The 1585 papal conclave (21–24 April), convoked after the death of Pope Gregory XIII, elected Cardinal Felice Peretti Montalto (O.F.M.Conv), who took the name Sixtus V. Forty-two of the sixty cardinals participated in the conclave. The absence of thirty percent of the cardinalate makes this conclave one of the most sparsely attended in the history of the modern Roman Catholic Church. Fourteen of Gregory XIII's thirty cardinals failed to attend, a startlingly high number.

Proceedings

The conclave began in the Vatican on 21 April, Easter Sunday. At the opening ceremonies, out of sixty living cardinals thirty-nine were in attendance.

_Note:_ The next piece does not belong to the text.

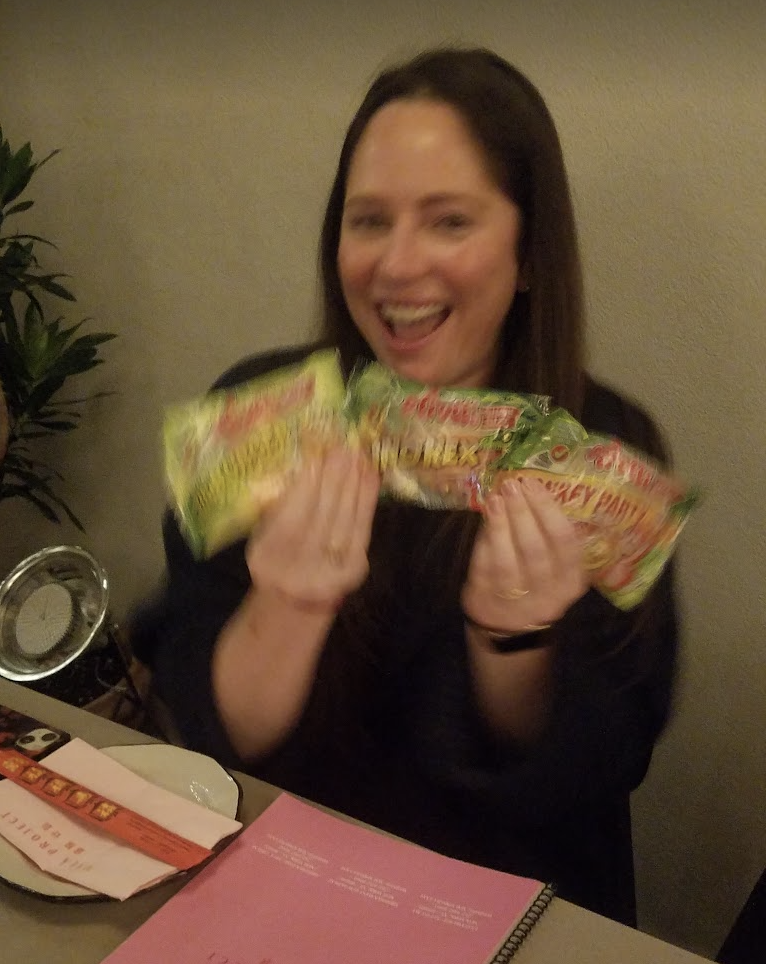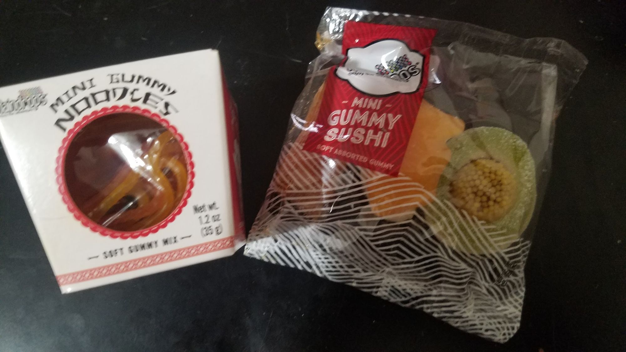 We've been giving the same gifts to houseguests and hosts for a couple of years now, a salvage-sourced pairing of gummi sushi and gummi noodles:

Three more arrived later, in time to cast a vote: Andreas of Austria, Ludovico Madruzzo of Trent, and Guido Luca Ferrero of Vercelli. Two factions quickly formed. The first was led by Cardinal Ferdinando de' Medici and the second by Luigi d'Este (grandson of King Louis XII of France). They were willing to combine to make a pope, but it depended on whether they could agree on a common candidate.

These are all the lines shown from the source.